Well, Malcom Reed's YouTube video on bacon wrapped back strap was interesting to me. I did it EXACTLY as the video showed other than the 130 IT medium rare. Hell NO! Went to 145 and it was perfect for my taste. Little over medium. No deer blood running out! Also did not use his finishing sauce. I  used the finishing sauce that I bought at Sam's Club last week. Good meal and I am stuffed. Boston Butt going on tomorrow after my morning deer hunt behind the house, HAPPY SMOKING EVERYONE!!


----------



## motolife313 (Jan 26, 2019)

Nice backstrap! I haven’t had any in awhile.

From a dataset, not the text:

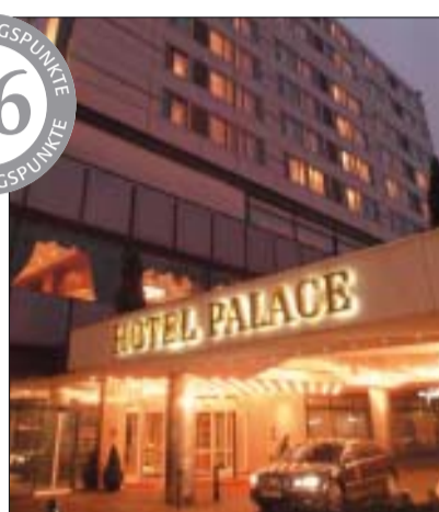
Der 14. IEC Implantologie-Einsteiger-Congress findet im Hotel Palace in Berlin statt.

16 FORTBILDUNGSPUNKTE FORTBILDUNGSPUNKTE
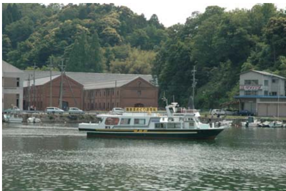
赤れんが倉庫群を眺めながら

Did you use the stick burner?


----------



## gmc2003 (Jan 26, 2019)

Looks like a fine plate of delicious vittles.

Point for sure
Chris


----------



## SmokinAl (Jan 26, 2019)

Everything looks delicious!
My wife loves that sauce, she puts it on everything!
Al


----------



## crazymoon (Jan 26, 2019)

HI, Looks delicious,nice plate of goodies. I'll take mine at 130.


----------



## HalfSmoked (Jan 26, 2019)

So where the other 3/4 I could eat that.   

Looks great.

Warren


----------



## Hawging It (Jan 26, 2019)

motolife313 said:


> Nice backstrap! I haven’t had any in awhile. Did you use the stick burner?


Absolutely. Thanks


----------



## Hawging It (Jan 26, 2019)

SmokinAl said:


> Everything looks delicious!
> My wife loves that sauce, she puts it on everything!
> Al


It is really good. Glad I found it.


----------